Eren was also involved in relief efforts and organised a bake sale immediately after the earthquake in Turkey to collect donations for the affected areas. Although “a lot of great people helped out”, it was equally exhausting for those involved: “All of the initiative had to come from people who were already burned out by the earthquake. I was shattered but also had to do a full-time degree programme on top of that”.
 
How the UvA can help
Sofiia spent a lot of time and energy on setting up and managing an entire NGO. “I didn’t really go in to the university for three whole months. I’d only study for exams on the nights before.” Fortunately, the Faculty of Economics and Business cancelled the midterm exams for Ukrainians that were scheduled shortly after the start of the invasion. “That was enormously helpful.”
 
What is the university’s role in relation to disasters?

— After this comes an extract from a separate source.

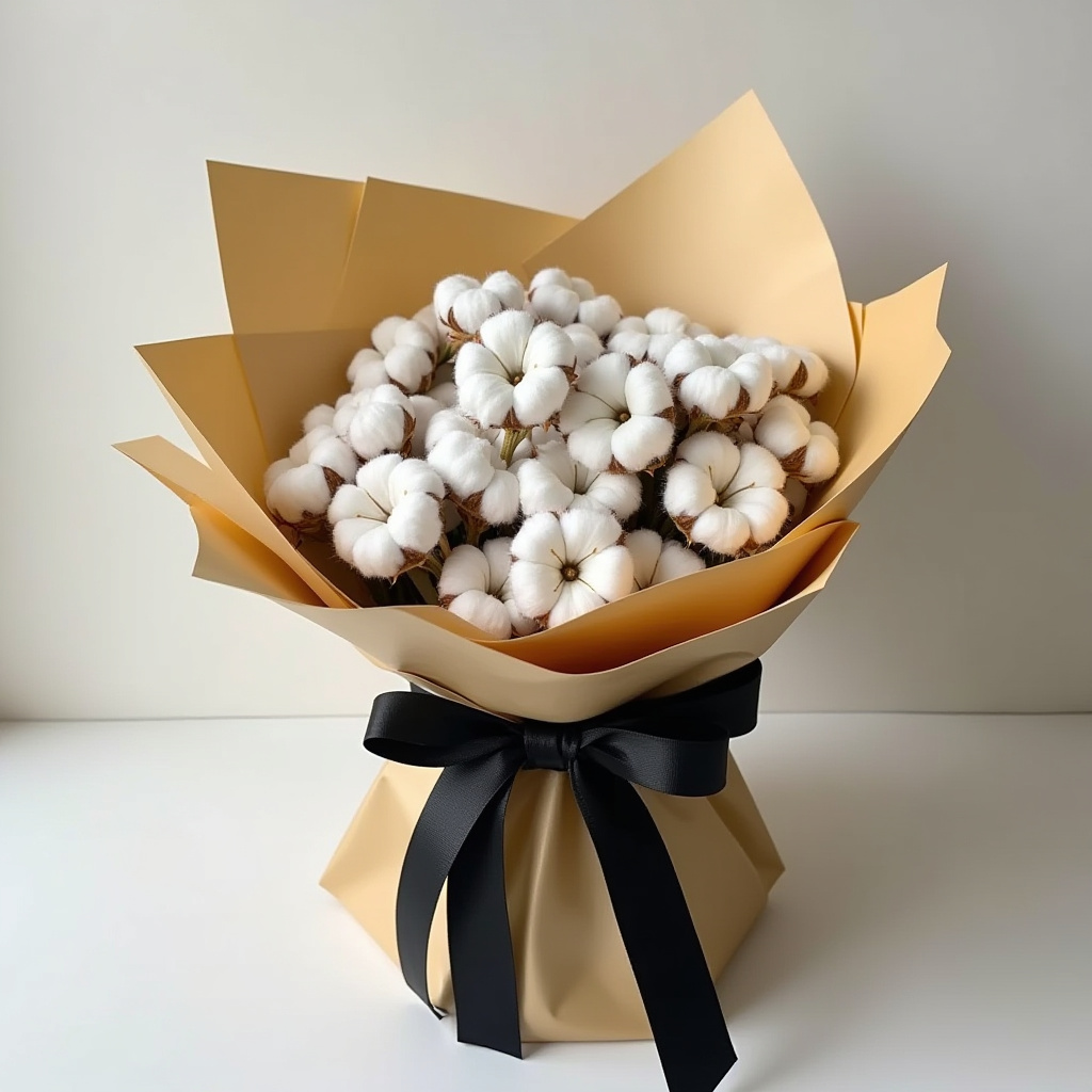 A beautiful bouquet made of cotton flowers arranged in stylish packaging with a black ribbon, perfect for gifting on special occasions.

How can lecturers help and what policies are in place? “In general, our study advisers and student psychologists are on hand to provide a sympathetic ear after any shocking events and they can also refer students to other practical forms of assistance”, says a spokesperson for the UvA. In addition, the Profiling Fund can provide students who have incurred delays in their studies due to disasters with financial assistance. It has also been decided that Ukrainian students who started their degree programme last year will pay the tuition fees that applies to European students instead of the much higher institutional rate.

The university aims to set up communal spaces for students and members of staff who have been affected by shocking events. Immediately after the Russian invasion of Ukraine, several gatherings well held within the various faculties. “Students and members of staff were given the opportunity to express and share their concerns and their feelings”, says the spokesperson. Following the Turkey and Syria earthquake, the UvA “set up a number of heart-warming initiatives aimed at supporting students and staff members with family members in the region”, including fundraising campaigns and gatherings to discuss the events. “A lot also takes place during lectures, where lecturers will take the time to reflect on the disaster or emergency that has taken place.”

“At a social level, I withdrew to a certain degree for at least the first four months”

Eren remembers that their friend had to return to Turkey because she had lost friends in the earthquake disaster. “The UvA did not relax its attendance requirement, so I didn’t even try to get an exemption.” Fortunately, in general, the teaching staff were understanding and flexible with deadlines, says Eren.
 
“A problem shared is a problem halved”
Ceren Abacioglu believes it is vital that the UvA, which is frequently the direct point of contact for international students, should recognise such difficult situations. “These students need to be informed about the support and assistance available and where they can find like-minded people.” This is especially crucial for those who do not yet have a large social circle in Amsterdam.
 
Sofiya echoes Abacioglu”s concerns about how difficult it can be to have a social life when so much is happening back home. “At a social level, I withdrew to a certain degree for at least the first four months. I did speak to the good friends that I had.” She hopes that everyone who goes through something like this has a network to fall back on or is able to find one, for example through volunteering. Because, Abacioglu says, quoting the old proverb: “A problem shared is a problem halved”.